Provided material =
=-=-=
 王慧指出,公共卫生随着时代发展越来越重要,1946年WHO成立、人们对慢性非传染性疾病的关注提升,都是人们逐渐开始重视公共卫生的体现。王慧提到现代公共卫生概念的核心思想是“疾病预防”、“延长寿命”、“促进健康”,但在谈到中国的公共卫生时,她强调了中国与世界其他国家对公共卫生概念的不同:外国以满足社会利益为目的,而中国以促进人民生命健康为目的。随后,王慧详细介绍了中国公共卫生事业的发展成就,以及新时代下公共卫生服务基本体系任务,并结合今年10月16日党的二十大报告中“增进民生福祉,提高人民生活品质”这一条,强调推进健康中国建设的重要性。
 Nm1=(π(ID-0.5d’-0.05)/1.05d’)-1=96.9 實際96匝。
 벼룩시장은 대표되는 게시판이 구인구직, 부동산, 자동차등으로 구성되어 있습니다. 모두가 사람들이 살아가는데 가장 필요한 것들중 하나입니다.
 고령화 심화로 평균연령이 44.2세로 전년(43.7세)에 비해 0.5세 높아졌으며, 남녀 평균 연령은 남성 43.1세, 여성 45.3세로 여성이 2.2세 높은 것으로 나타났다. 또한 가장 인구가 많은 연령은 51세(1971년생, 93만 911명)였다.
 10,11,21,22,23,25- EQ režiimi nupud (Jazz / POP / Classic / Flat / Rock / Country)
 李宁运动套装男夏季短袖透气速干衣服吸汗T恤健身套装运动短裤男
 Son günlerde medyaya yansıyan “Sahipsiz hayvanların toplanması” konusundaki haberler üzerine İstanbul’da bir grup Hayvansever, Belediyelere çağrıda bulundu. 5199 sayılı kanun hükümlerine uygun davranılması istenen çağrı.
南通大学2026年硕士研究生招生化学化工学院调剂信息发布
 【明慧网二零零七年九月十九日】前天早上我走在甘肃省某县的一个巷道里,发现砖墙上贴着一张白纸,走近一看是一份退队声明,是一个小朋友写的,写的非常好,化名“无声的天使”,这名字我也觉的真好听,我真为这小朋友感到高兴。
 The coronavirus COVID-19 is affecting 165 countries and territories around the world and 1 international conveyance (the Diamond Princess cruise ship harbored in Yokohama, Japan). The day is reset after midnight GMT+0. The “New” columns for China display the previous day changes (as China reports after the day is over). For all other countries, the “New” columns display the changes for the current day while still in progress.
=-=-=
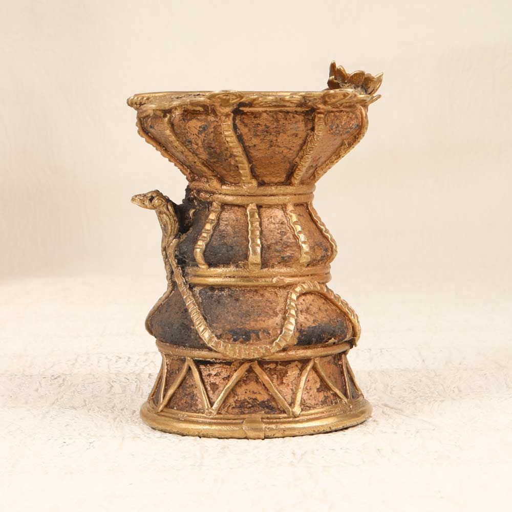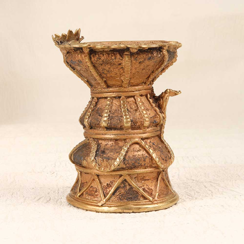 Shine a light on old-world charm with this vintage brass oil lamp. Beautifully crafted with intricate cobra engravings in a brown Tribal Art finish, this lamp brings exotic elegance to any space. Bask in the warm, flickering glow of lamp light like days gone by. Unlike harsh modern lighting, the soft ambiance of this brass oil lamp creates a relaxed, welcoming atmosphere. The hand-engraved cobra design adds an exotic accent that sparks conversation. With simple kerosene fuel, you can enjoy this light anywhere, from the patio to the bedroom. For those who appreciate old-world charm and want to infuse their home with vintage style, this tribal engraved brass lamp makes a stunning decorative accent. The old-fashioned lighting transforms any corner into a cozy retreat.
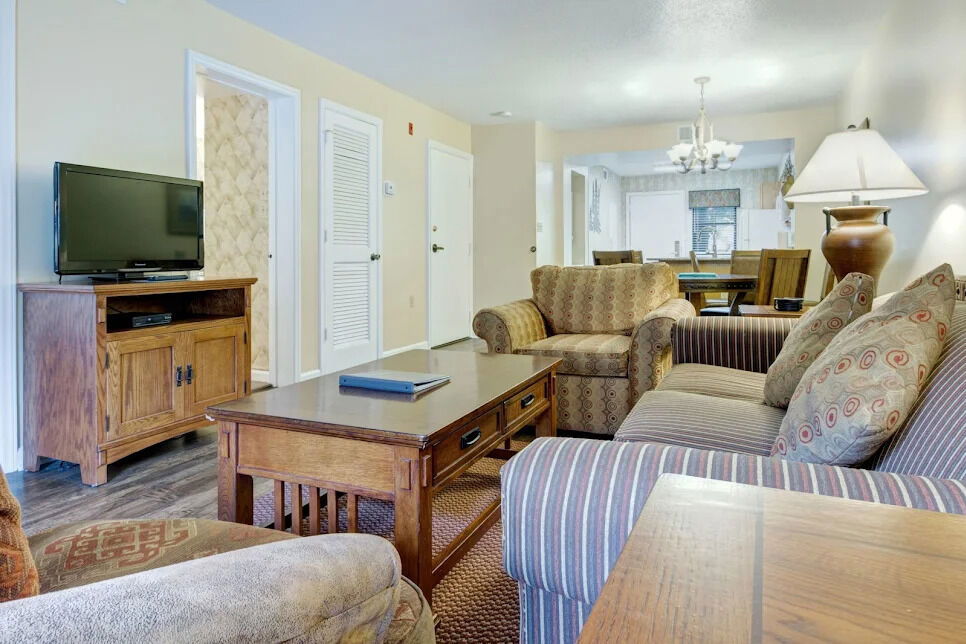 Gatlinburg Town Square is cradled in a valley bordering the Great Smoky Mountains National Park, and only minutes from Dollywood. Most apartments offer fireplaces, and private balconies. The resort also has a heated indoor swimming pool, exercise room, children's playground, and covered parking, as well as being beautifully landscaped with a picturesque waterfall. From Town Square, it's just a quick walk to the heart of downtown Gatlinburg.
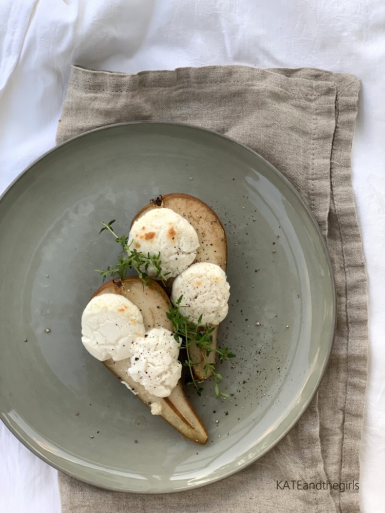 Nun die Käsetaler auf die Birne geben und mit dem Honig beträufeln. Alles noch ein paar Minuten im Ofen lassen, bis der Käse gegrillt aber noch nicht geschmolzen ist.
=-=-=
Copy needed, without pictures: the lines of the listing above from the line containing "Shine a light" up to and including the line containing "Nun die Käsetaler", set down exactly.

Answer to the problem =
 Shine a light on old-world charm with this vintage brass oil lamp. Beautifully crafted with intricate cobra engravings in a brown Tribal Art finish, this lamp brings exotic elegance to any space. Bask in the warm, flickering glow of lamp light like days gone by. Unlike harsh modern lighting, the soft ambiance of this brass oil lamp creates a relaxed, welcoming atmosphere. The hand-engraved cobra design adds an exotic accent that sparks conversation. With simple kerosene fuel, you can enjoy this light anywhere, from the patio to the bedroom. For those who appreciate old-world charm and want to infuse their home with vintage style, this tribal engraved brass lamp makes a stunning decorative accent. The old-fashioned lighting transforms any corner into a cozy retreat.
 Gatlinburg Town Square is cradled in a valley bordering the Great Smoky Mountains National Park, and only minutes from Dollywood. Most apartments offer fireplaces, and private balconies. The resort also has a heated indoor swimming pool, exercise room, children's playground, and covered parking, as well as being beautifully landscaped with a picturesque waterfall. From Town Square, it's just a quick walk to the heart of downtown Gatlinburg.
 Nun die Käsetaler auf die Birne geben und mit dem Honig beträufeln. Alles noch ein paar Minuten im Ofen lassen, bis der Käse gegrillt aber noch nicht geschmolzen ist.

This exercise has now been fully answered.